Related papers: Instance-Aware Group Quantization for Vision Transformers

Instance-Aware Group Quantization for Vision Transformers

URL: http://arxiv.org/abs/2404.00928v1
Date: Mon, 1 Apr 2024 05:12:30 GMT
Title: Instance-Aware Group Quantization for Vision Transformers
Authors: Jaehyeon Moon, Dohyung Kim, Junyong Cheon, Bumsub Ham,
Abstract summary: Post-training quantization (PTQ) is an efficient model compression technique that quantizes a pretrained full-precision model. PTQ methods for convolutional neural networks (CNNs) provide quantization results comparable to full-precision counterparts. We introduce instance-aware group quantization for ViTs (IGQ-ViT)
Score: 20.105148326987646
License: http://creativecommons.org/licenses/by-nc-nd/4.0/
Abstract: Post-training quantization (PTQ) is an efficient model compression technique that quantizes a pretrained full-precision model using only a small calibration set of unlabeled samples without retraining.
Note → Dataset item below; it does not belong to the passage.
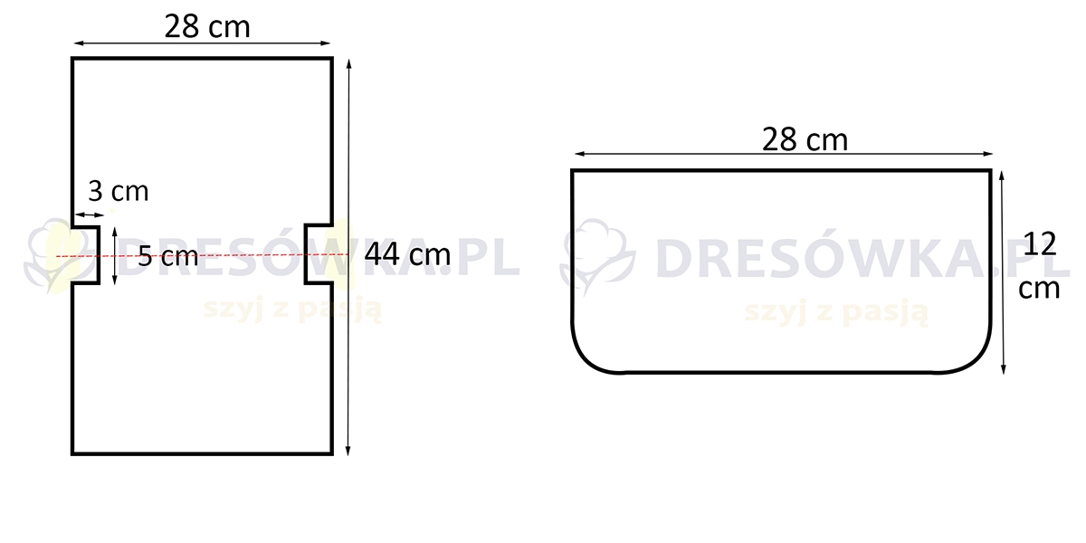 Tym razem gotowa fotma nie będzie nam potrzebna. Z łatwością sami narysujemy kształt kosmetyczki na bazie prostokąta o konkretnych wymiarach.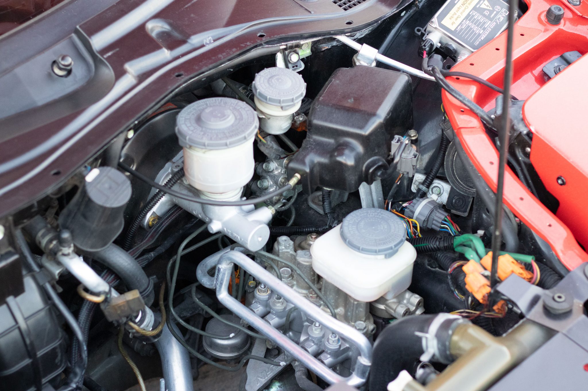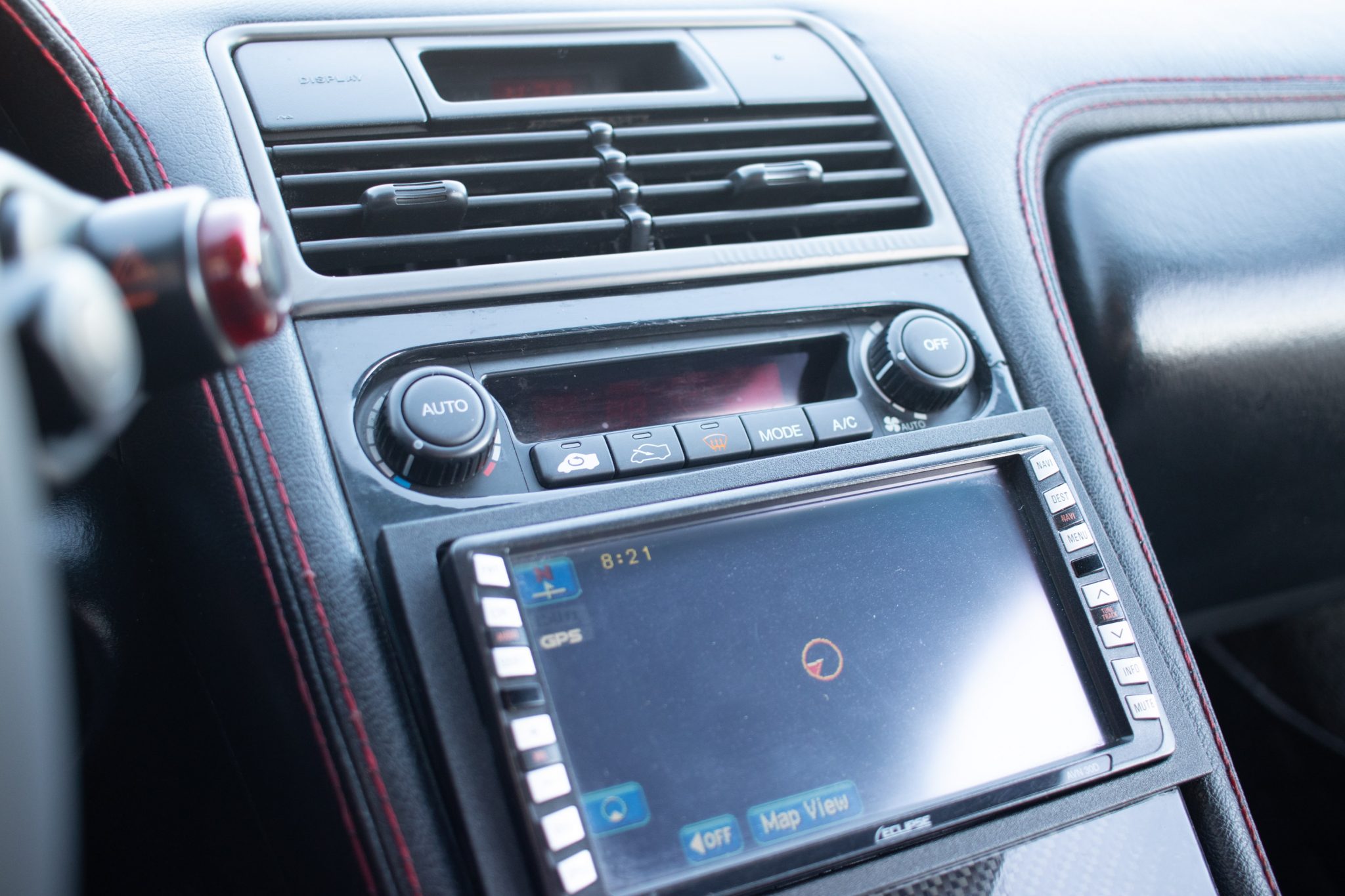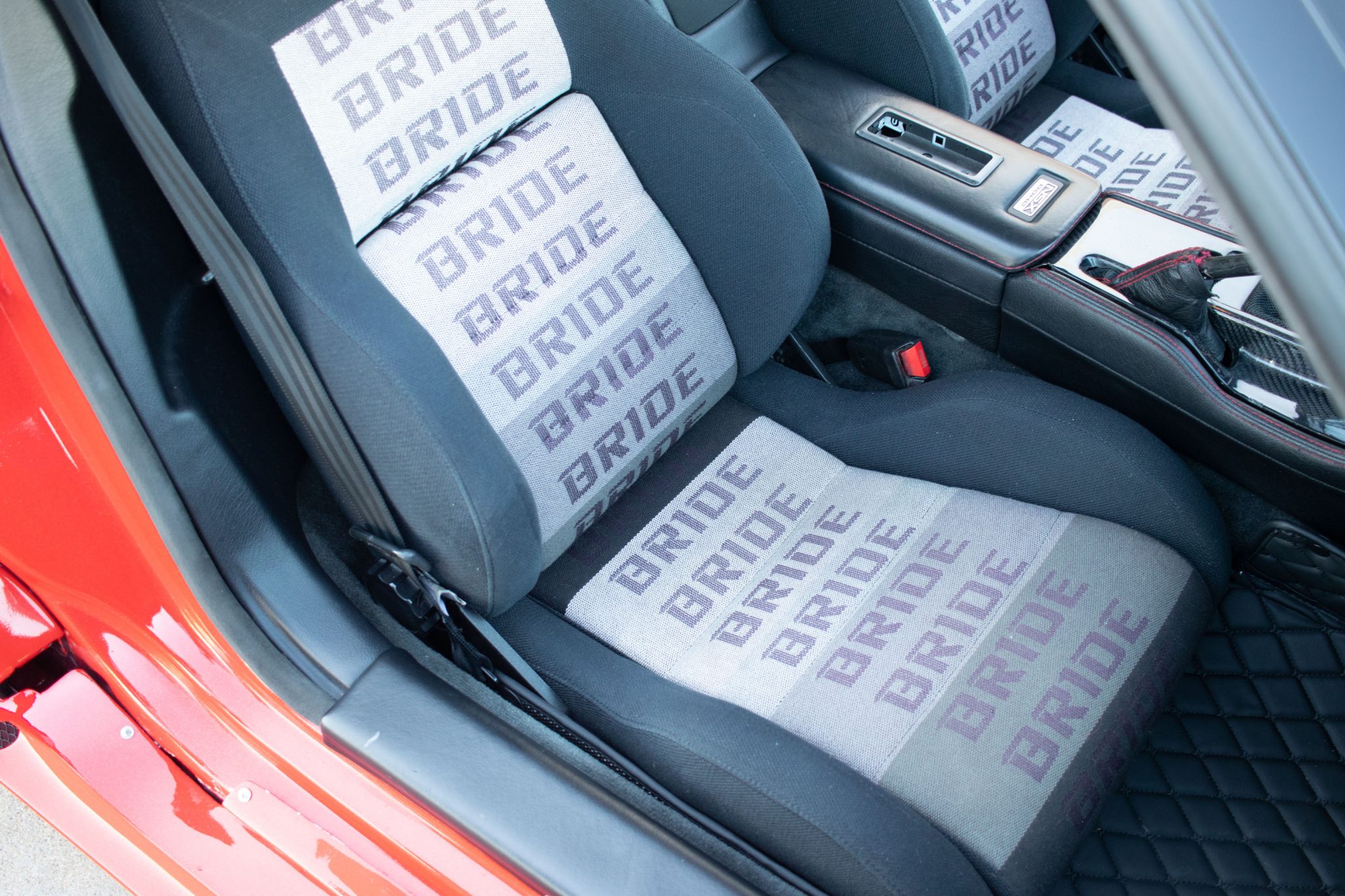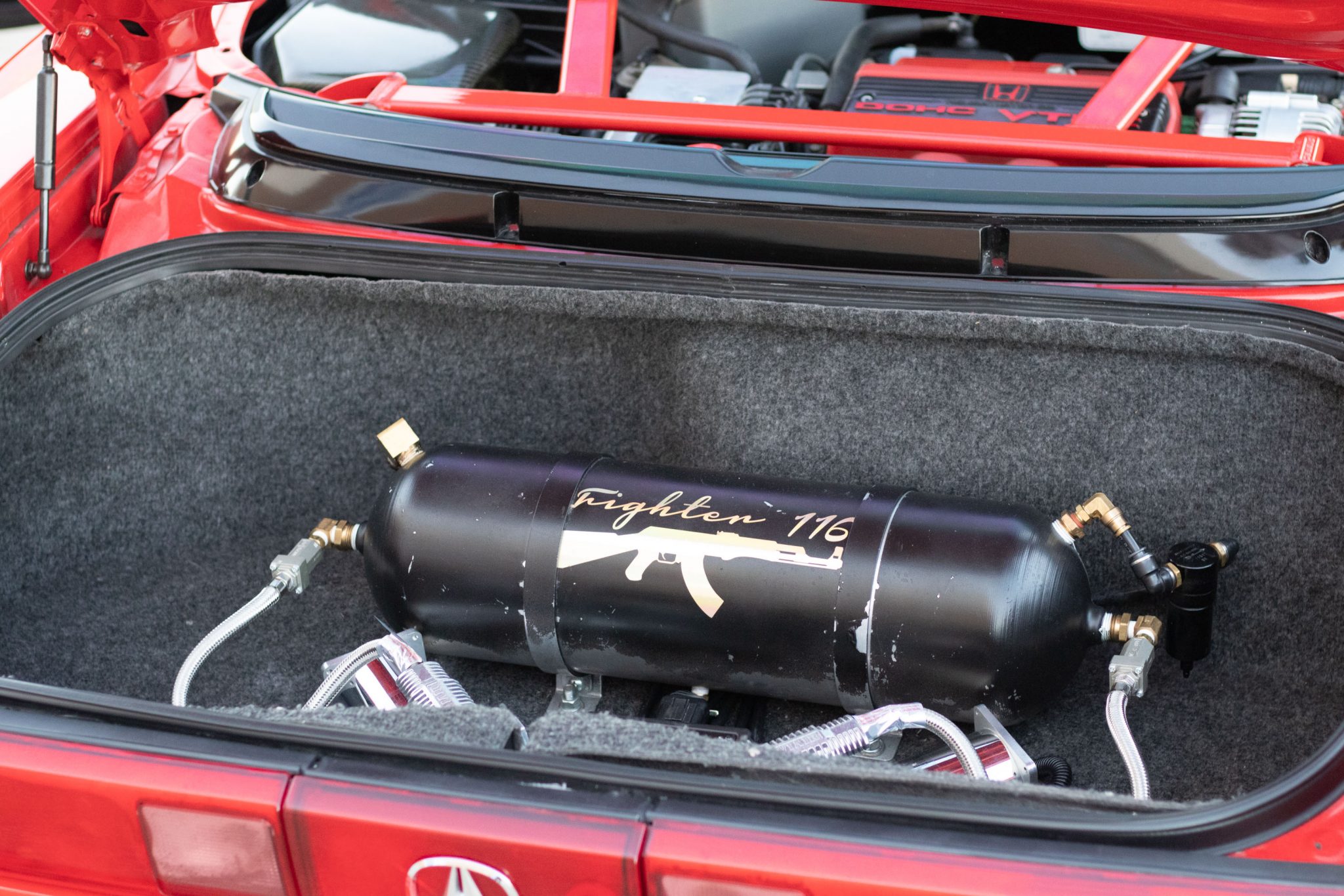 This 1991 Acura NSX is finished in red over a black interior and has been modified with an aluminum Downforce widebody kit and a custom air suspension system. The mid-mounted 3.0L VTEC V6 sends power to the rear wheels via a five-speed manual transaxle and a limited-slip differential. The interior features a Mugen steering wheel, an NRG quick-release hub, carbon-fiber trim, an Eclipse head unit, a backup camera, and Bride reclining seats. Additional equipment includes a carbon-fiber airbox, a Pride Exhaust system, a Difflow rear diffuser, an APR Performance carbon-fiber rear wing, and forged Volk TE37V wheels.

PTQ methods for convolutional neural networks (CNNs) provide quantization results comparable to full-precision counterparts. Directly applying them to vision transformers (ViTs), however, incurs severe performance degradation, mainly due to the differences in architectures between CNNs and ViTs. In particular, the distribution of activations for each channel vary drastically according to input instances, making PTQ methods for CNNs inappropriate for ViTs. To address this, we introduce instance-aware group quantization for ViTs (IGQ-ViT). To this end, we propose to split the channels of activation maps into multiple groups dynamically for each input instance, such that activations within each group share similar statistical properties. We also extend our scheme to quantize softmax attentions across tokens. In addition, the number of groups for each layer is adjusted to minimize the discrepancies between predictions from quantized and full-precision models, under a bit-operation (BOP) constraint. We show extensive experimental results on image classification, object detection, and instance segmentation, with various transformer architectures, demonstrating the effectiveness of our approach.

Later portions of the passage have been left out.